Other new concepts, terms, and rules that have been created to “help” employers include:1. Distinguishing between new employees and on-going employees and providing different rules for each
2. Defining start date for new employees - 3. Creating an “Initial Measurement Period” – at least 3 but not more than 12 months measured from individual worker’s start date - used to determine status of new employee
4. Creating a Stability Period – at least 6 months, but not less than Initial Measurement Period – to be used by employer under “look back” rules to determine status of employee
5. Creating an optional “Administrative Period” – a period of time not greater than 90 days after Initial Measurement Period and before the Stability Period to be used by employer to determine if employee averaged 30 or more hours per week during Initial Measurement Period.
6. Allowing different Initial Measurement Periods, Stability Periods, and Administrative Periods for employees in different union groups (mandatory subject of bargaining?), salaried versus hourly workers, and employees in different states.
Back to Employer Mandate Covered Employer must offer health coverage under employer’s health plan to a deemed full time employee within 90 days of Start Date or pay penalties.
If variable hour or seasonal employee averages 30 hours per week or 130 hours per month during his/her Initial Measurement Period s/he must be treated as a full time employee during the following Stability Period.

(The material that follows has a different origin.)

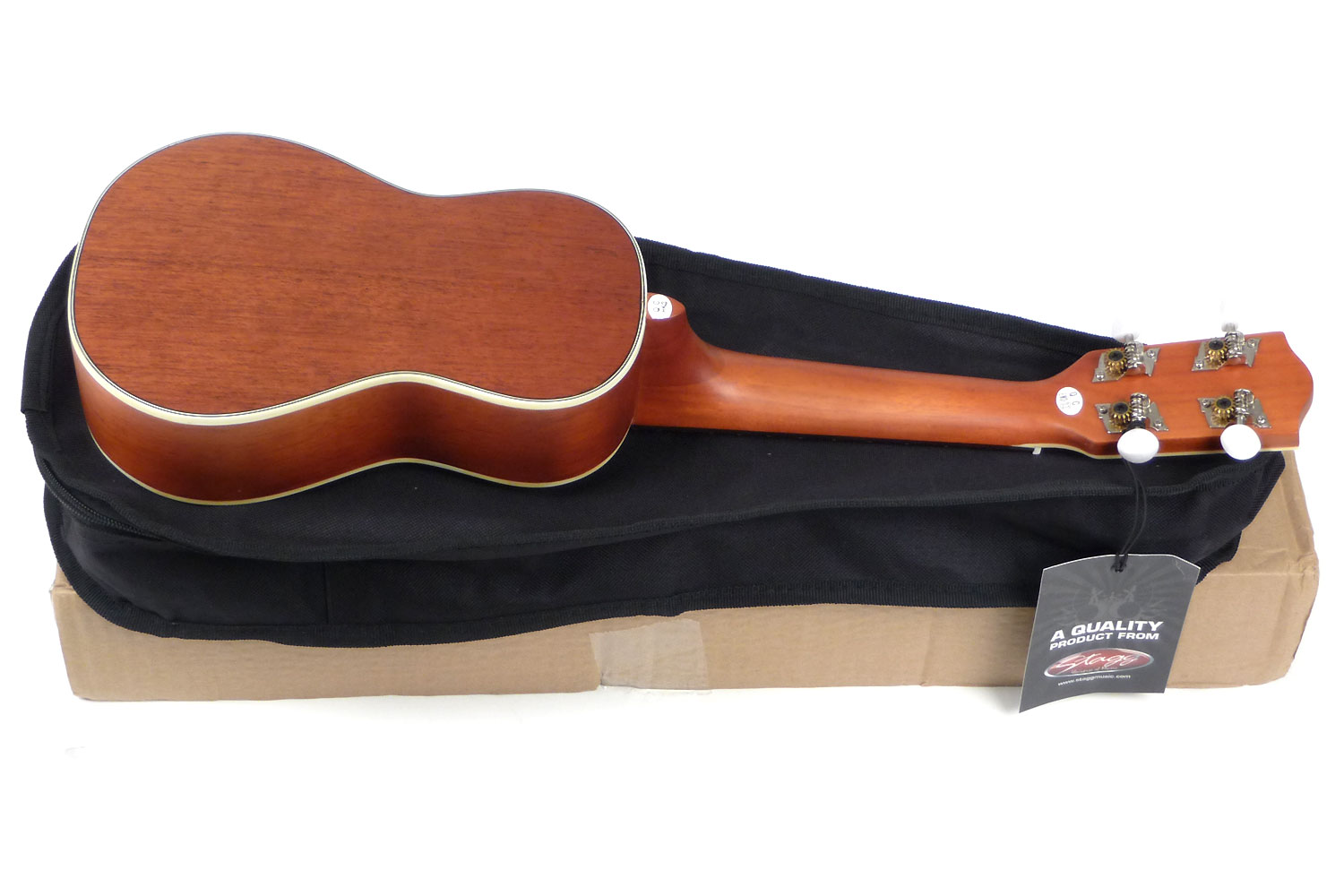 - Traditional soprano Ukulele w/ solid Mahogany-A top, in black nylon gigbag

Employers with 50 or more FTE’s must offer “affordable” “minimum value” health insurance to at least 95% of their “full time” employees or pay an annual penalty (tax), but only if one or more of that employer’s employees purchases health insurance from a state or federal insurance exchange and receives a premium subsidy in order to purchase the insurance.
To be affordable, employee’s share of premium costs must not exceed 9.5% of employee’s household income.
Household income includes income of employee, employee’s spouse, and all household dependents.